The demand for residential rentals has also grown because of more stringent lending requirements and student debt, said Brainard, and towns in the region haven’t built multi-family housing since the 1960s and 1970s, instead focusing on single-family houses. 

“This whole project was predicated on the whole commercial side going first because that’s where the demand was.That fundamentally changed due to the recession and the first thing to really come back is the residential side and that’s what we concentrated on.”
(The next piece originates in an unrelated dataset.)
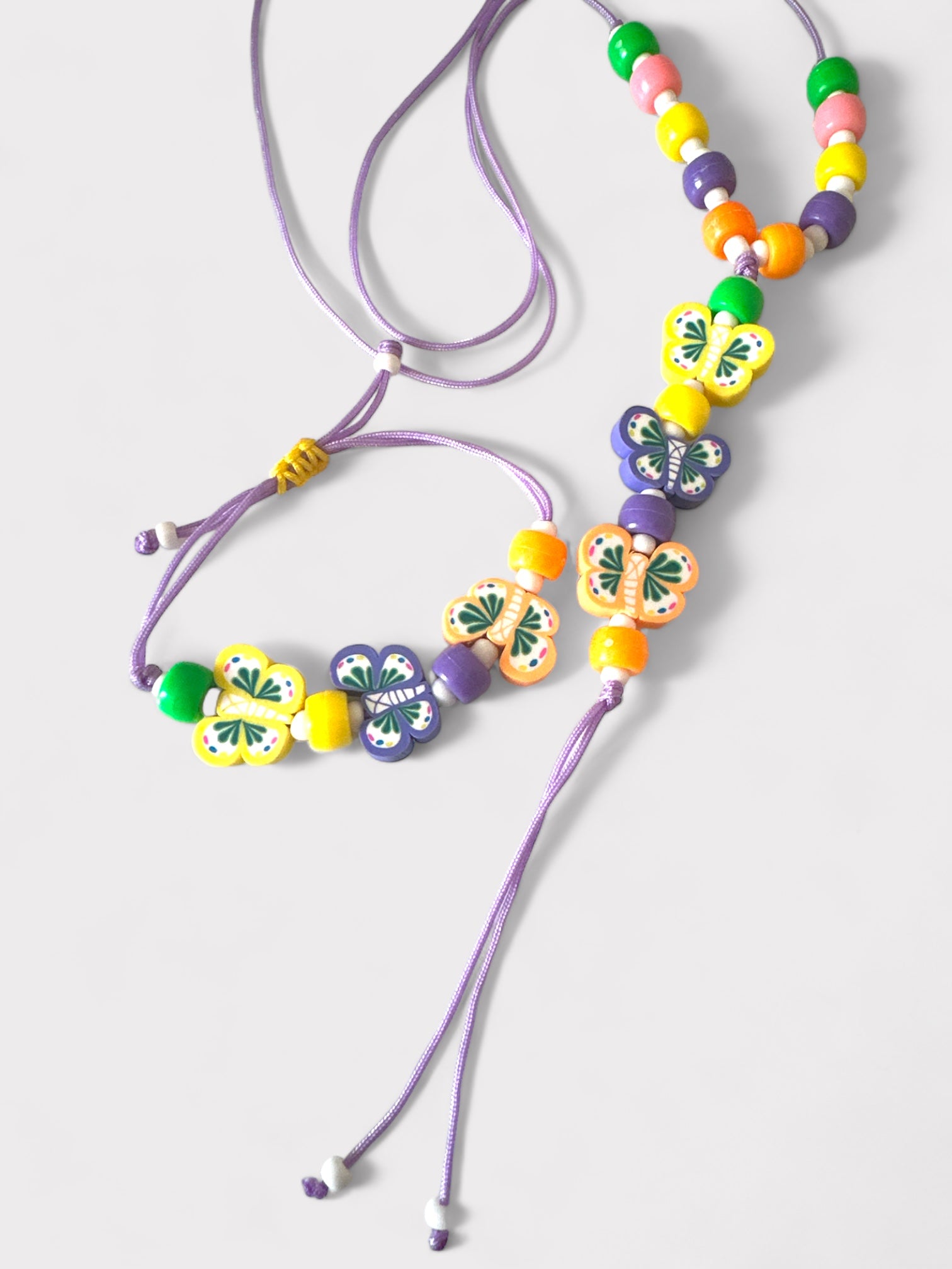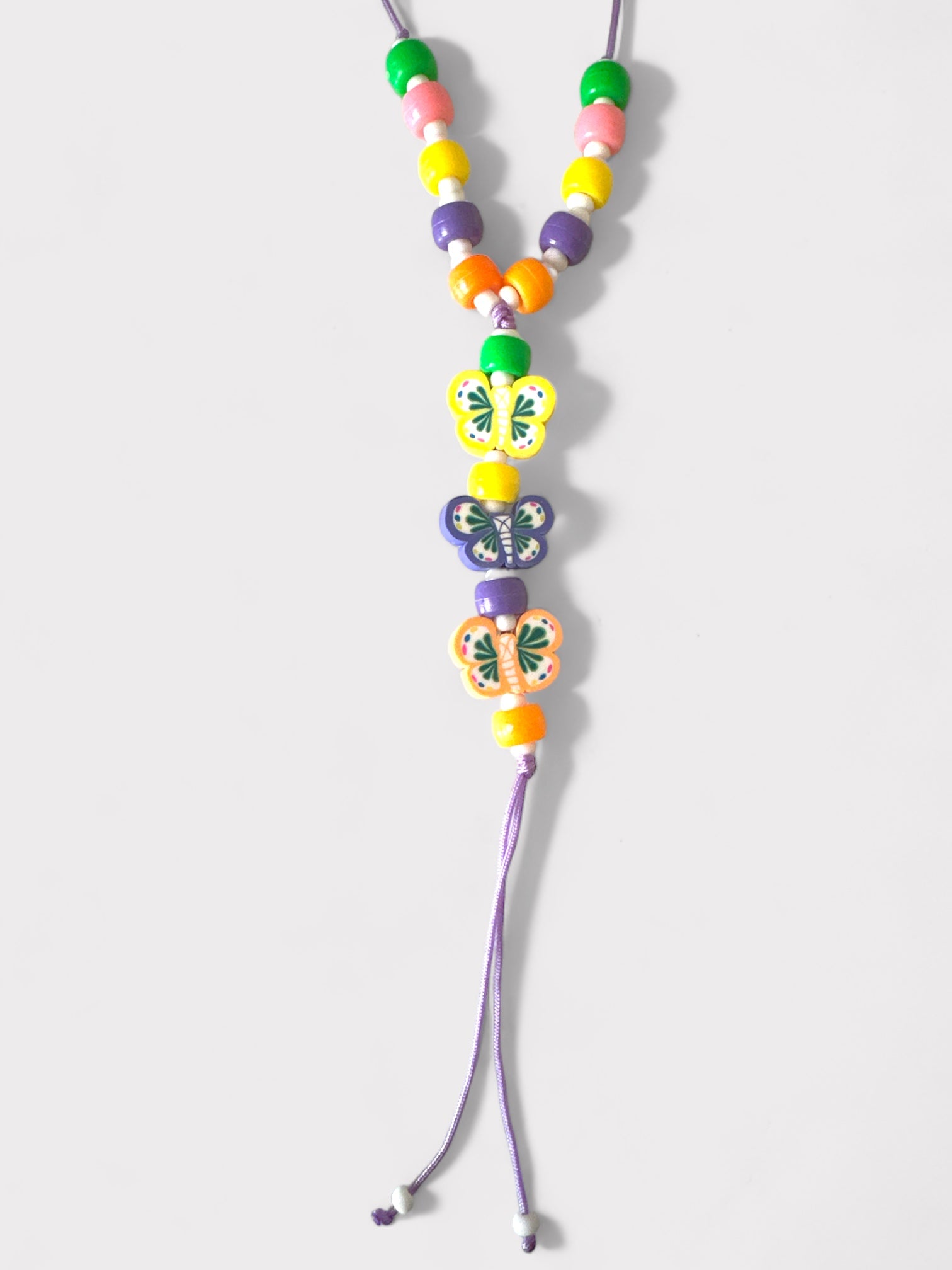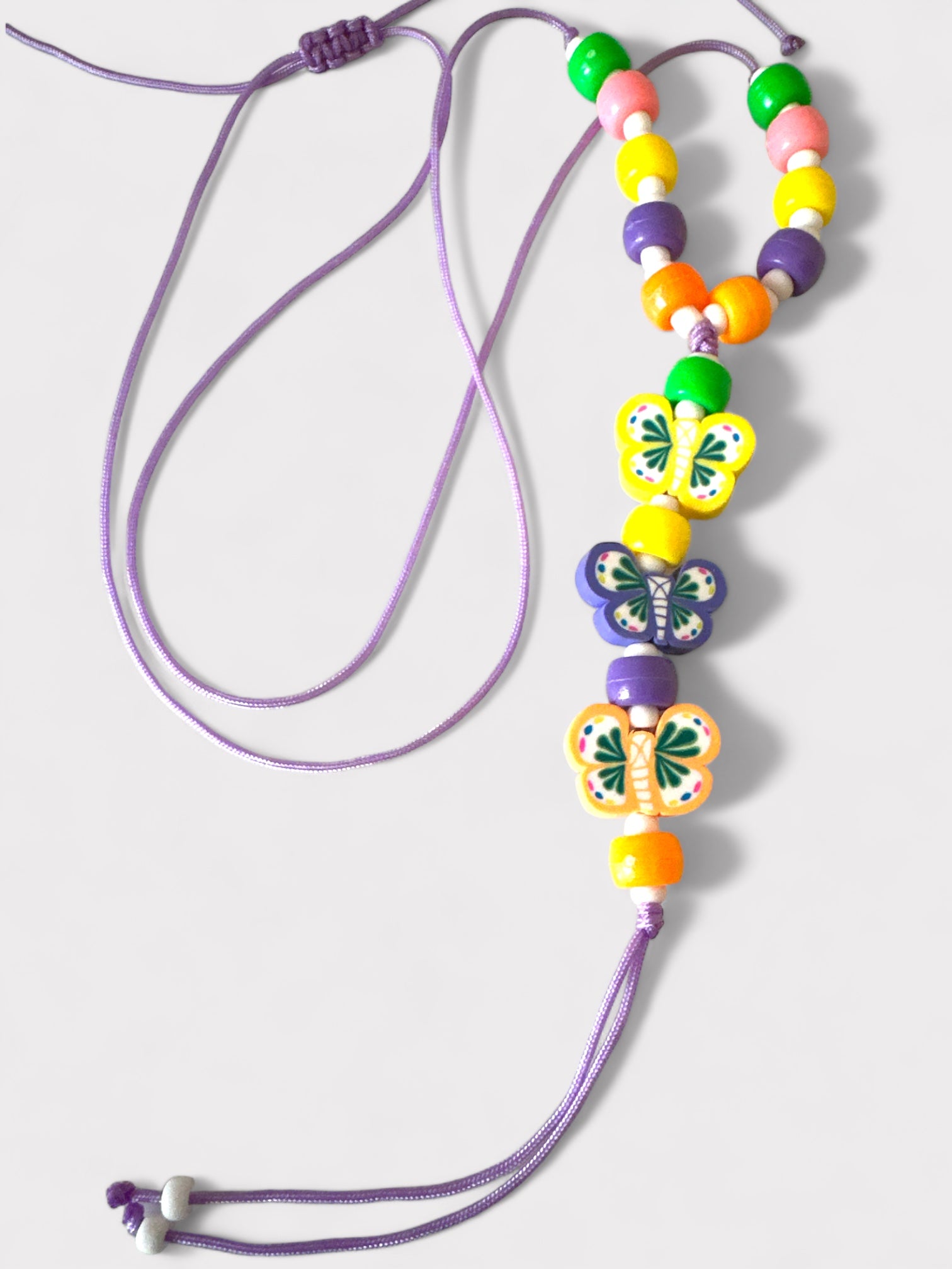 Χειροποίητο μακρύ κολιέ με κορδόνι, πολύχρωμες ακρυλικές χάντρες και κρεμαστές φίμο πολύχρωμες πεταλούδες με τελειώματα κορδόνια.
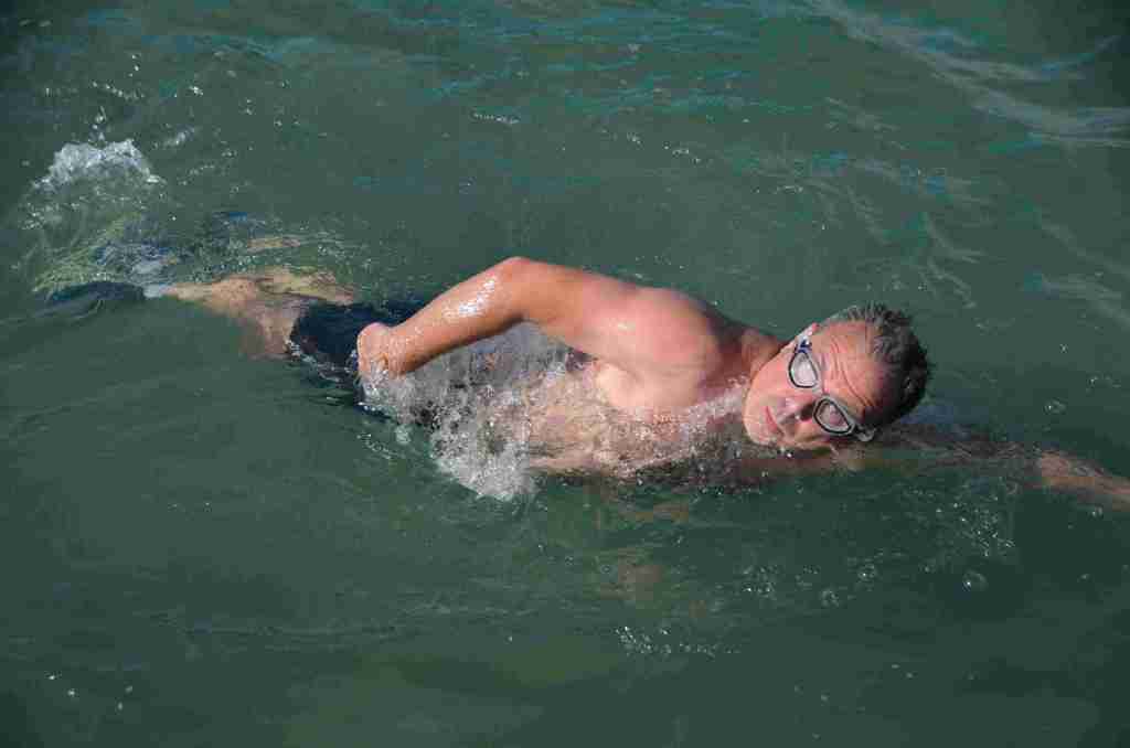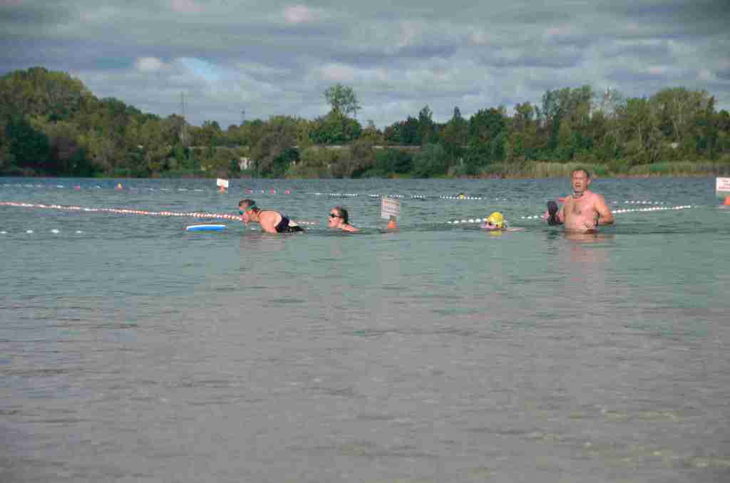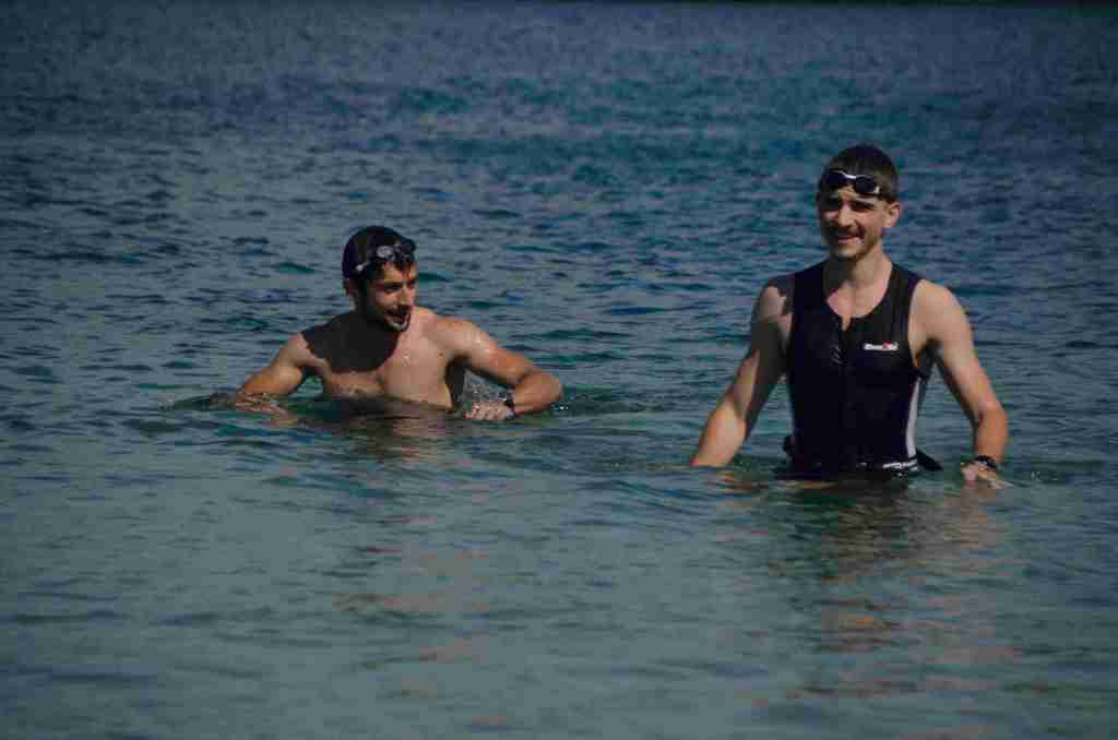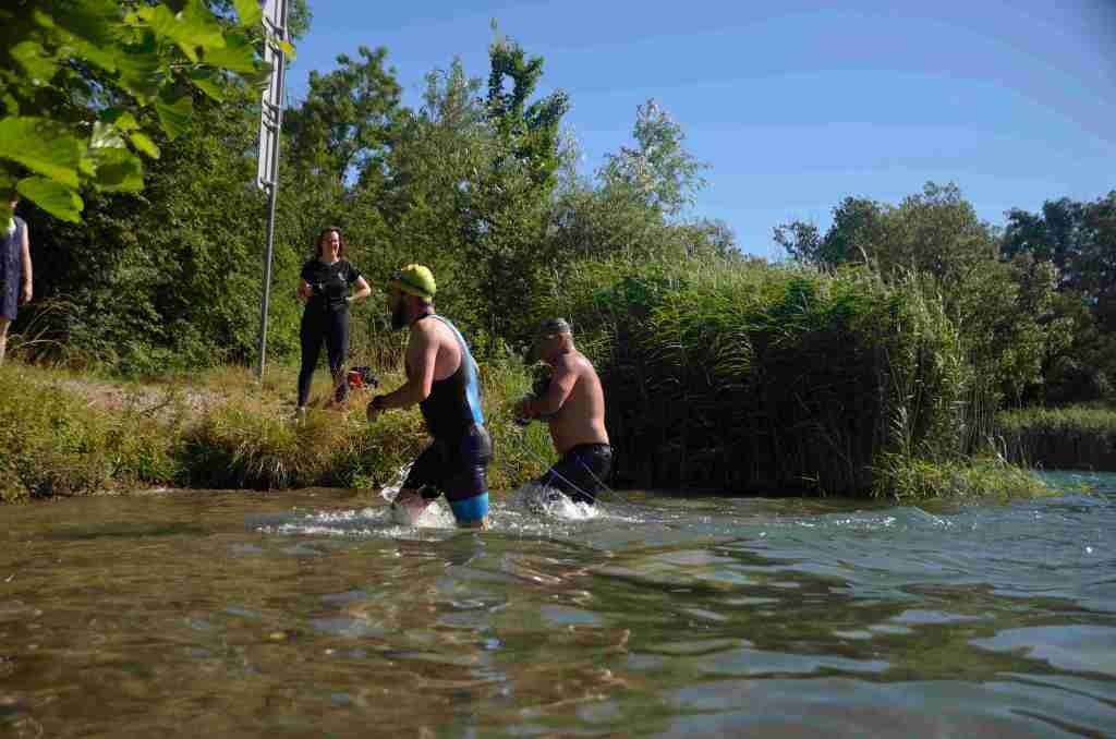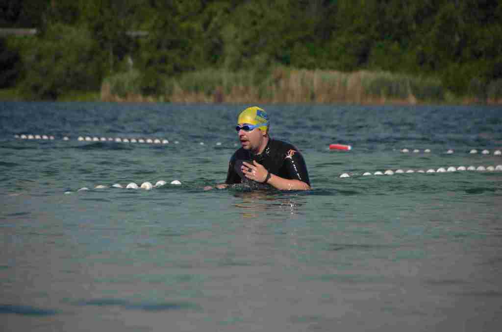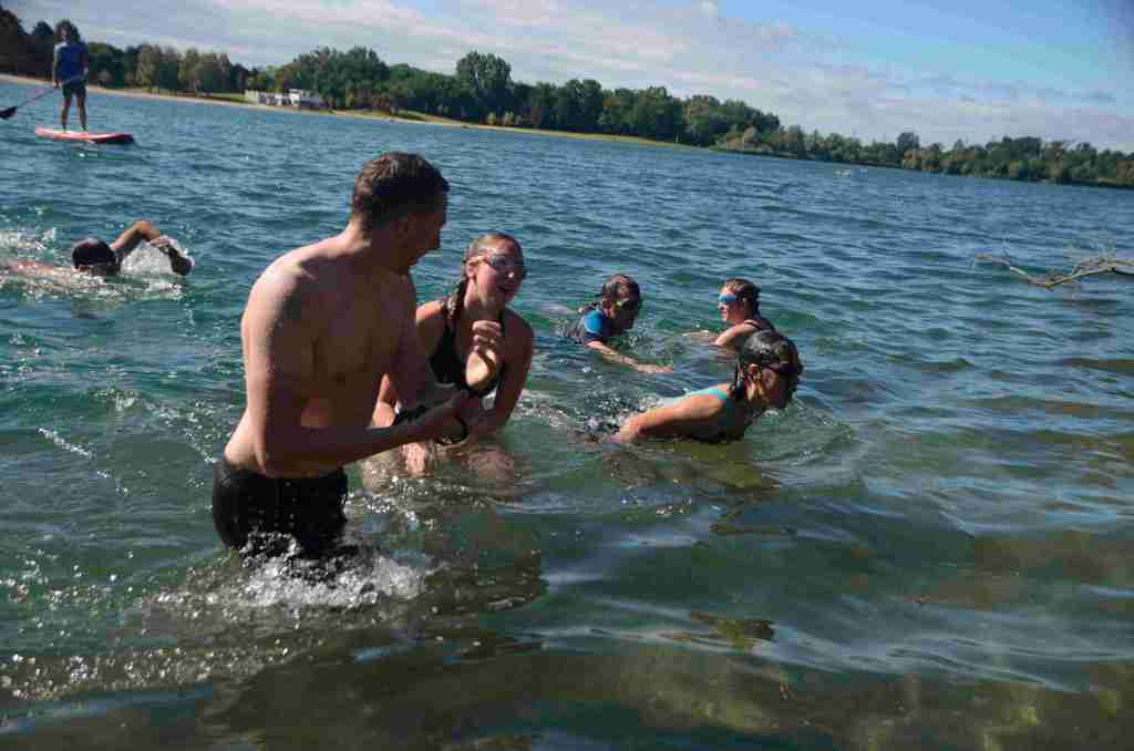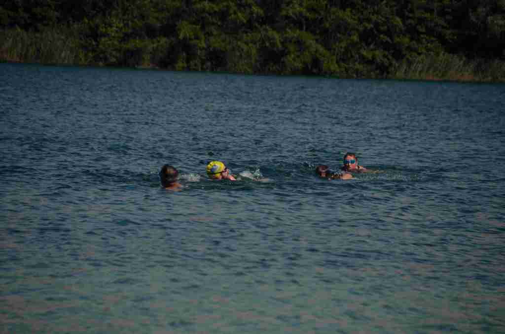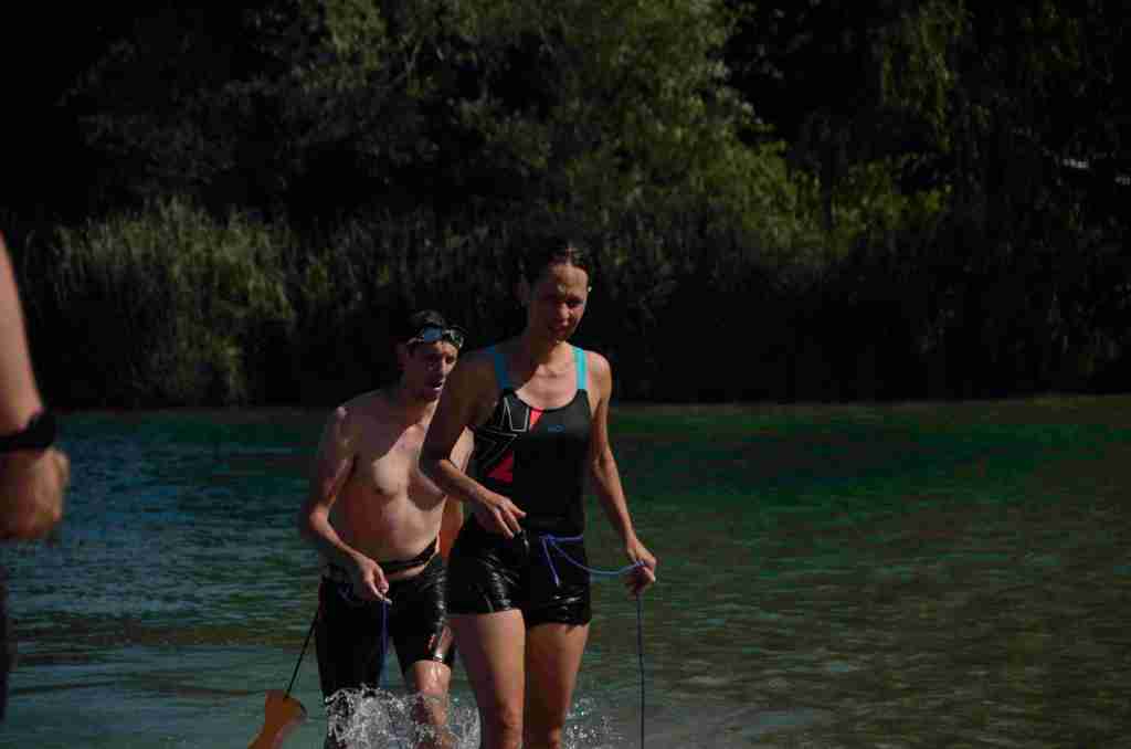 Au programme, une traversée du lac de 300m à la nage, puis un tour de lac à pied avant de refaire la traversée inverse à la nage pour finir.

“There wasn’t a lot [of rental housing] that was built in the decades since then and a lot of it was because towns would not allow it. They were very singularly focused on the fact that single family residential is the only thing they will ever allow, and I think it has really hurt growth in Connecticut because not everybody wanted to live that way and our stock of older apartments were older, so there’s an awakening that progressive towns — like East Lyme, like Old Saybrook — realize that not everybody wants to live in a subdivision in their town,” he said. 

According to Brainard, employers like to have high-end residential rentals to offer prospective employees, and rental housing helps towns grow, he said. 

(Image courtesy of Simon Konover Company)

“There are 500 or more people living in Phase I. Most of them would not be living in the town of East Lyme otherwise, and that’s a lot of new people in town that are providing a tax base, taxing their cars and going to the Flanders Fish market and going to the dry cleaners. It’s a big boon to have a population increase in our shoreline towns that are all facing population decreases,” he said. 

Brainard said rentals will provide part of the solution, but the population needs a range of housing.

“Part of it is you just can’t have one type of living. Not everybody wants to live next door to me in my single-family home, you need diversity in housing and that includes affordable housing.”